START MATERIALS PROVIDED
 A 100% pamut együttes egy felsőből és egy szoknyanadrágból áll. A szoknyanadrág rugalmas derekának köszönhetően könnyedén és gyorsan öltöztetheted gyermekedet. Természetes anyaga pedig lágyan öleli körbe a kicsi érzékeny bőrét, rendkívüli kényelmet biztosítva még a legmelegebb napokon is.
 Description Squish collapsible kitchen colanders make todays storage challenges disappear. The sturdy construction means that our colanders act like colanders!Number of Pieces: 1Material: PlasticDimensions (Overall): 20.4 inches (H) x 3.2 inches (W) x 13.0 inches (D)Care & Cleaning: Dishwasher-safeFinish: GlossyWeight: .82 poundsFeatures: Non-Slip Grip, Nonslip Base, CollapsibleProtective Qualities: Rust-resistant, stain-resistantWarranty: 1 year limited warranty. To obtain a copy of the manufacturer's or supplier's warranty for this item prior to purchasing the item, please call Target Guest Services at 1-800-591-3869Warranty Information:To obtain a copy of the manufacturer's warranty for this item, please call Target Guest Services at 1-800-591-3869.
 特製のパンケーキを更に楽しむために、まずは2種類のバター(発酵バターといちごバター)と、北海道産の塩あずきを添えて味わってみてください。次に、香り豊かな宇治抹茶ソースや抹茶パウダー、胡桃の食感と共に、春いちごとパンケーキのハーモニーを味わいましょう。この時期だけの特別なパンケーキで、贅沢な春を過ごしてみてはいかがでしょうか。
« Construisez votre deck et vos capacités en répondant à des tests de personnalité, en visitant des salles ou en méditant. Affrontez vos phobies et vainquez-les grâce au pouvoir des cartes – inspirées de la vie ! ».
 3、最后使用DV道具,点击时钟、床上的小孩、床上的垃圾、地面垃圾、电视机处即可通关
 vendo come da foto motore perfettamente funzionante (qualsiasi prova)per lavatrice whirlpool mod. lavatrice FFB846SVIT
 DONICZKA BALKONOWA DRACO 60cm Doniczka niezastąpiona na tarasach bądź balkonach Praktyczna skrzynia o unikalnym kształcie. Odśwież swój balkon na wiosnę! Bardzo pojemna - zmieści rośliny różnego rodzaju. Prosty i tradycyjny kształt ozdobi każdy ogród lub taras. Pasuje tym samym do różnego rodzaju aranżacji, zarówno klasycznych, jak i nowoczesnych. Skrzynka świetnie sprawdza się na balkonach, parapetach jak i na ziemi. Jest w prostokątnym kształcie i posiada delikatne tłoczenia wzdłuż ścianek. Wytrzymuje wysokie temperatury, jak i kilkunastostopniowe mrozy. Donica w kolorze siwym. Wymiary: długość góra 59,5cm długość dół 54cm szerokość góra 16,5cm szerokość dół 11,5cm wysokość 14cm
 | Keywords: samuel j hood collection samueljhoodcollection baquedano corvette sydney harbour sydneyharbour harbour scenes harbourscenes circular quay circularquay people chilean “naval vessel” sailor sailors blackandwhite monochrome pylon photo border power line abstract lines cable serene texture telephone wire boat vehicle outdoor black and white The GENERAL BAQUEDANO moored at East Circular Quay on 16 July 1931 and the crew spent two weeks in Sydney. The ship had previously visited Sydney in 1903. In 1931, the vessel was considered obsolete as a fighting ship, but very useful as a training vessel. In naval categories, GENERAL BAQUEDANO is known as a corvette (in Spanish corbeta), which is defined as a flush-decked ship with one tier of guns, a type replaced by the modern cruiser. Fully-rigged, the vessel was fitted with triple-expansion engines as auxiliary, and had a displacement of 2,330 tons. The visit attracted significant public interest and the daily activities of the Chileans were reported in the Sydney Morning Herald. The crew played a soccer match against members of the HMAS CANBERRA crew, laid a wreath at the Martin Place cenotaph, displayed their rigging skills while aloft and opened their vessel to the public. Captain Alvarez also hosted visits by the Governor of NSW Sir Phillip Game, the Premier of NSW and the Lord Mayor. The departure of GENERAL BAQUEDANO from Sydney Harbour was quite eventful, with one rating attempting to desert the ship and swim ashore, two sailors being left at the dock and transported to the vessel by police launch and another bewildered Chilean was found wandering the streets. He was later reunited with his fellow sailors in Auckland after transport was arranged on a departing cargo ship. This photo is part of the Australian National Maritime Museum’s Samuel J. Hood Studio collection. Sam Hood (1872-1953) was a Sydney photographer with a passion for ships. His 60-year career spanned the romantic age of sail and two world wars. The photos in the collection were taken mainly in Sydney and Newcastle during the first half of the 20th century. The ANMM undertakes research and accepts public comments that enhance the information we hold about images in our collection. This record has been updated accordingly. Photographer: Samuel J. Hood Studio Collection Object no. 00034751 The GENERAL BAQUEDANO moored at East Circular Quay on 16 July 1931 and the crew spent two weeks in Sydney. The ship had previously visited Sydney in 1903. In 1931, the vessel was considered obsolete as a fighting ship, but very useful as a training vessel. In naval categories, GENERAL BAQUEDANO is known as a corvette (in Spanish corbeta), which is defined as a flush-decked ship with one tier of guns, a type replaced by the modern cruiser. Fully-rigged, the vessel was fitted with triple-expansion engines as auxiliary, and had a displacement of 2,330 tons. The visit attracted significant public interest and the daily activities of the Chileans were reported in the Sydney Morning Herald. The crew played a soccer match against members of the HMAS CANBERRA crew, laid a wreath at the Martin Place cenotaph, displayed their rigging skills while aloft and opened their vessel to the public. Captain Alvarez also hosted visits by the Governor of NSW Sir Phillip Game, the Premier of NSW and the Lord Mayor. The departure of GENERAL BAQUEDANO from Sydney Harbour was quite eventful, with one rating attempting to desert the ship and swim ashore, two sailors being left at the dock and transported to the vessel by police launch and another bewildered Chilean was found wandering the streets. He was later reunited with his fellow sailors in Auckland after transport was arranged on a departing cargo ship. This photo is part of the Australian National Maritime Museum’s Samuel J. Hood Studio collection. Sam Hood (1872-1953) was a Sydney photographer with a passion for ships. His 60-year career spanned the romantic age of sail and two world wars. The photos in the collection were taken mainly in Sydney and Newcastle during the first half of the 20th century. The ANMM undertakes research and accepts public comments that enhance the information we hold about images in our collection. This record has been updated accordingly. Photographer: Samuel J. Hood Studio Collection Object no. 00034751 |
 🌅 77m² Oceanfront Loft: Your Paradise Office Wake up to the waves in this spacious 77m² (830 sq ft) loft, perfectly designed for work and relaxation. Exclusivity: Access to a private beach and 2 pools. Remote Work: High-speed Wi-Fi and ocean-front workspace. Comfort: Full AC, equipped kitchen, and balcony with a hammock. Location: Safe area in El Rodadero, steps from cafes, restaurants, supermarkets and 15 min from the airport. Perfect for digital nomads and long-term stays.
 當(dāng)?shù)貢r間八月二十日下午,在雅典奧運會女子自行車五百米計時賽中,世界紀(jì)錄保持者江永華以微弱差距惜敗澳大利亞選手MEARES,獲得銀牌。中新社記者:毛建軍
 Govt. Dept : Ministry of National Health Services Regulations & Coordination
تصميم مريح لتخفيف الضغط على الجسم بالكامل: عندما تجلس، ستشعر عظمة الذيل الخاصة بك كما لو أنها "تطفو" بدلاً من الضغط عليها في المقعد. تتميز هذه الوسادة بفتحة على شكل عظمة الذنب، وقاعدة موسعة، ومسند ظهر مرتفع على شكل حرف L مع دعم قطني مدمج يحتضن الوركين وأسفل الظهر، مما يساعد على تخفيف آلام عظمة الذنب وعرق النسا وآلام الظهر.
END MATERIALS PROVIDED
* _WORK INSTRUCTION_
Scan the records for the string "Services" and show every line that contains it.

* _TASK ANSWER_
 Description Squish collapsible kitchen colanders make todays storage challenges disappear. The sturdy construction means that our colanders act like colanders!Number of Pieces: 1Material: PlasticDimensions (Overall): 20.4 inches (H) x 3.2 inches (W) x 13.0 inches (D)Care & Cleaning: Dishwasher-safeFinish: GlossyWeight: .82 poundsFeatures: Non-Slip Grip, Nonslip Base, CollapsibleProtective Qualities: Rust-resistant, stain-resistantWarranty: 1 year limited warranty. To obtain a copy of the manufacturer's or supplier's warranty for this item prior to purchasing the item, please call Target Guest Services at 1-800-591-3869Warranty Information:To obtain a copy of the manufacturer's warranty for this item, please call Target Guest Services at 1-800-591-3869.
 Govt. Dept : Ministry of National Health Services Regulations & Coordination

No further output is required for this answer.